步骤2、BNNS/PAA/PI复合材料的制备
在氮气气氛下,向三颈烧瓶中加入0.5948g4,4-二氨基二苯甲烷和9mLN,N二甲基甲酰胺并溶解,按照5wt%的质量分数(占4,4-二氨基二苯甲烷、3,3’-4,4’-联苯四甲酸二酐与BNNS总质量的5wt%)加入BNNS并搅拌1.5h,在冰水浴下搅拌5min,然后加入0.9003g3,3’-4,4’-联苯四甲酸二酐和0.42g分子筛,在冰水浴中搅拌15min,得到具有一定粘度的BNNS/PAA溶液;随后加入0.2mL三乙胺和0.1mL吡啶,得到具有一定粘度的BNNS/PAA/PI溶液。
步骤3、BNNS/PI的合成
将得到的BNNS/PAA/PI溶液浇注在干净的玻璃基板上,用刮刀进行涂层,并在60℃下干燥50min;最后通过梯度热亚胺化(首先在120℃加热1h,然后在200℃加热1h,最后在250℃加热1h),即制得BNNS/PI导热复合薄膜。
对比例2
本对比例按对比例1相同的方法制备10wt%BNNS/PI复合材料,区别仅在于步骤2中按照10wt%的质量分数加入GNS。
对比例3
本对比例按对比例1相同的方法制备15wt%BNNS/PI复合材料,区别仅在于步骤2中按照15wt%的质量分数加入BNNS。
图1为聚多巴胺改性BNNS与聚酰胺酸的反应机理图,从(a)图上可以看出多巴胺聚合为聚多巴胺的过程并与BNNS之间通过π-π非共价作用(b)链接。
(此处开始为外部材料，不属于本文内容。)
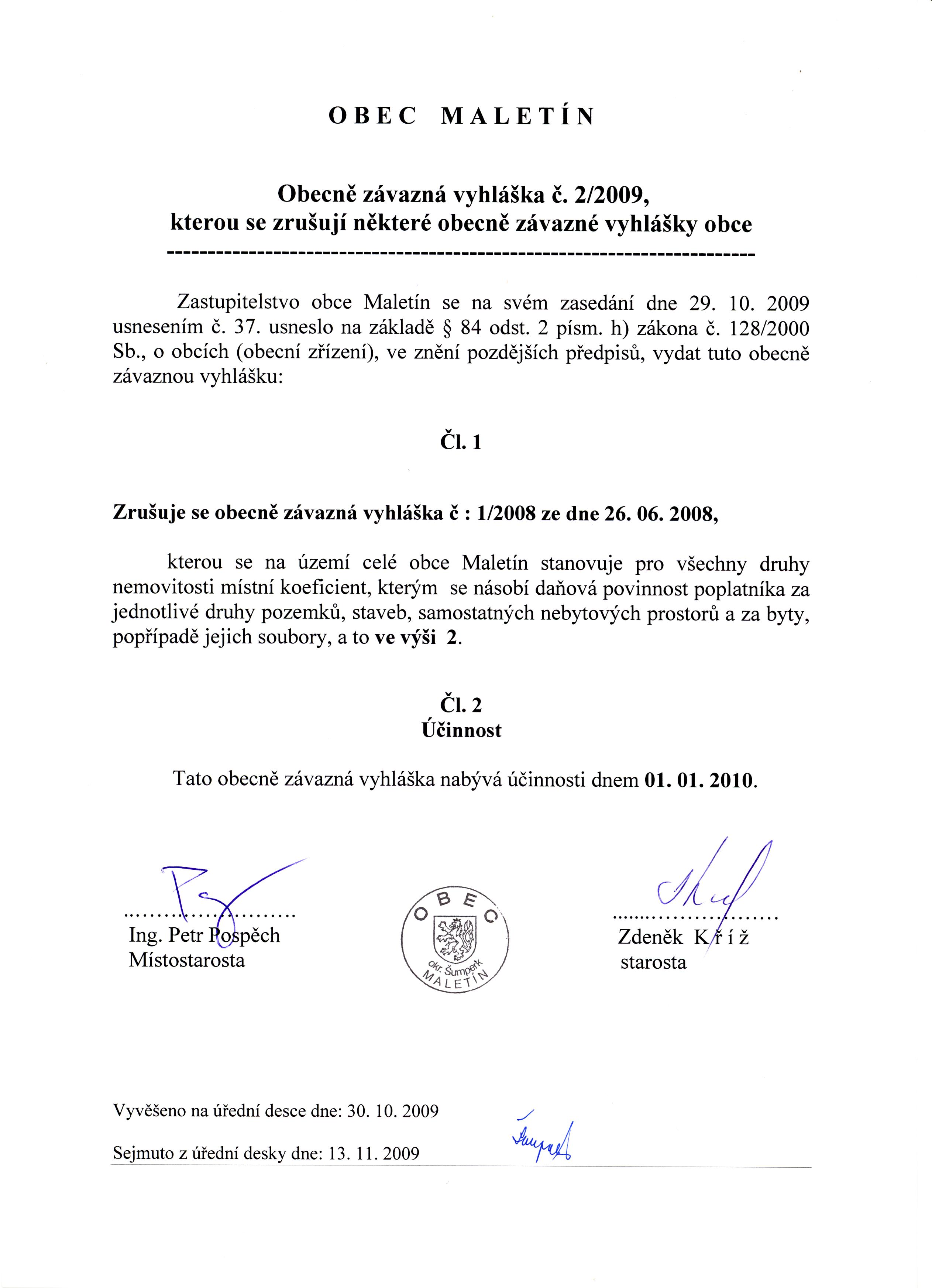 Obecně závazná vyhláška č. 2/2009, kterou se zrušují některé obecně závazné vyhlášky

图(c)描述了PDA@BNNS与聚酰胺酸通过化学亚胺法反应的过程。PDA@BNNS的功能化物质聚多巴胺中的N-H基团可以通过化学亚胺法与羧基封端的聚酰胺酸(PAA)反应,并使得聚多巴胺与聚酰胺酸(PAA)端部的羧基之间通过C-N-C键进行桥接。
图2(a)、(b)分别为BN超声剥离为BNNS前后的SEM图,从图上可以看到:剥离前的氮化硼是氮化硼纳米片层层堆叠在一起,剥离后可以观察到层数较少的氮化硼纳米片,这说明通过超声剥离可以将层数较多的氮化硼剥离为层数较少的氮化硼纳米片。
图3(a)、(b)分别为对比例3所得BNNS/PI与实施例3所得PDA@BNNS/PI的断面SEM图。从图中可以看出PDA@BNNS与PI之间有着更好的相容性,在刮膜过程中形成了比较好的取向。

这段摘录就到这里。